There’s something in the water (just don’t panic if it’s a great white shark)
Great white sharks could soon appear in UK waters – they may already be here. It’s good news, explains explorer Steve Backshall, but try telling people that
The seas of the UK are home to more shark species than most Brits realise. There are 21 species that reside here, such as the giant but harmless basking shark, the glorious blue and the menacing looking (but shy) porbeagle.
However there are also other species recorded as unusual or “vagrant” visitors. In the vaults of the Natural History museum, I’ve been lucky enough to see the remains of the scalloped hammerhead washed up on a beach in the 1800s, and a pickled 300-year-old Greenland shark found in Northumberland.
The species that is missing is the great white. In records going back centuries, none have ever been caught in our waters. Either by hooks, nets or cameras. That is not to say they have never been here. They’re in the Med, and a female was caught in the Bay of Biscay in the 1970s; they migrate thousands of miles and could cover the 170 miles to Cornwall with ease.
At the same latitude on the other side of the Atlantic, they are well known. Tagged individuals have been followed as they cross the Mid Atlantic ridge headed in our direction… but for some reason, they veer off and head south. We have food in seals and tuna and the right water temperature, but for some unknown reason, they just don’t like to be beside the British seaside.
This summer, a research team is headed to British waters to try and get the first solid record of a great white in Blighty. At this I have to heave a hefty sigh. The distribution map of the great white already encompasses the UK, so a positive record will not noticeably affect scientific knowledge.
However, while it is – to my mind – inconceivable that a white shark has never swum through our seas, they are here so infrequently and so fleetingly as to be of no consequence. Like a rare bird that blows into the Scilly Isles sending Twitchers barmy, their stay is transitory, and they affect us and our ecosystems not a jot.
However, the hysteria that will follow a certain record of a great white here will set back shark conservation here. There have been half a dozen decent but unverified “sightings” over the years; and a thousand terrible ones (memorably, last year the Daily Mail reported a great white fin being spotted here, that turned out to be a sewage pipe.) The red tops love nothing more than a bit of silly season panic about killer wildlife. Everyone in shark conservation groans every time a basking shark appears in the Daily Star or Express having “terrified” a surfer here.
This fear-mongering, though, could not come at a worse time. Around the world, at least 250 million sharks are killed every year – many just for their fins. They are fast disappearing, leaving an imbalance in our seas. However on Friday, after more than a decade of campaigning by groups like Bite Back and Shark Trust, our King signed in to law the Shark fin bill, preventing the trade of detached shark fin and any product containing it in the UK.

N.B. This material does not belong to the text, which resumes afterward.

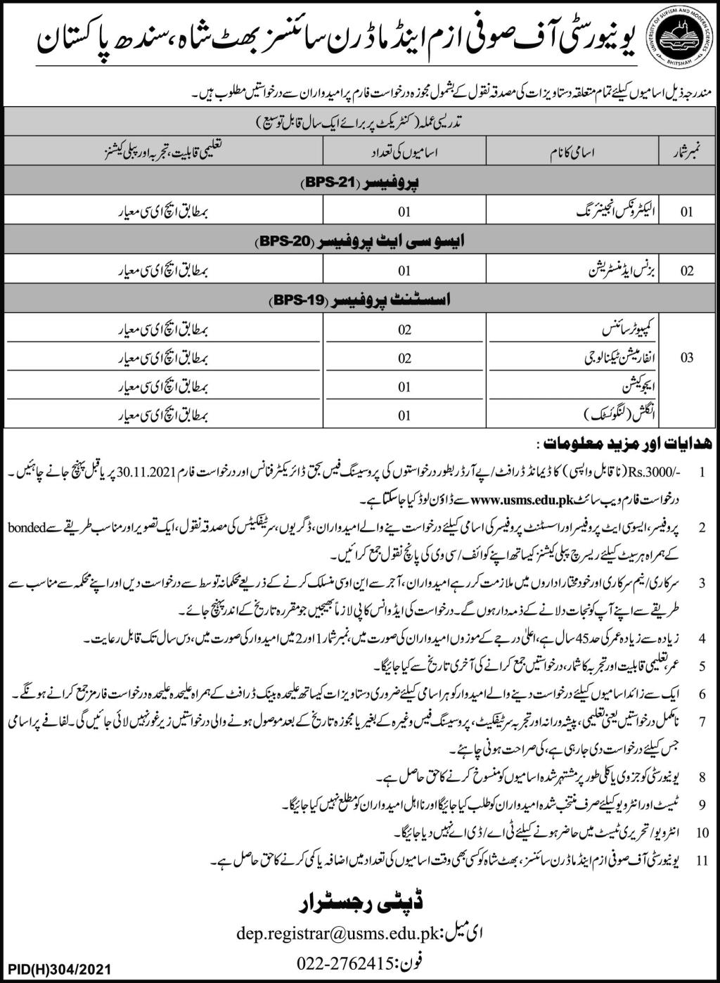 Vacancies in University of Sufism & Modern Sciences USMS Advertisement November 2021

It’s a big deal. It means that overloaded border officers – who have to sift through 60 tonnes worth of shark fin a year in search of critically endangered species – can seize any fins. It removes the “personal allowance” which enabled people to enter the UK with sacks of fins for personal usage. And it sets a precedent, that we in this animal-loving and wildlife-depleted nation value nature – and won’t be a part of trades that threaten the future of our seas.
If any evidence of a great white is found in our seas, then everyone will forget all that. Sharks in British waters will once again just be a reason for unwarranted fear; any desire to protect them overwhelmed by primal panic.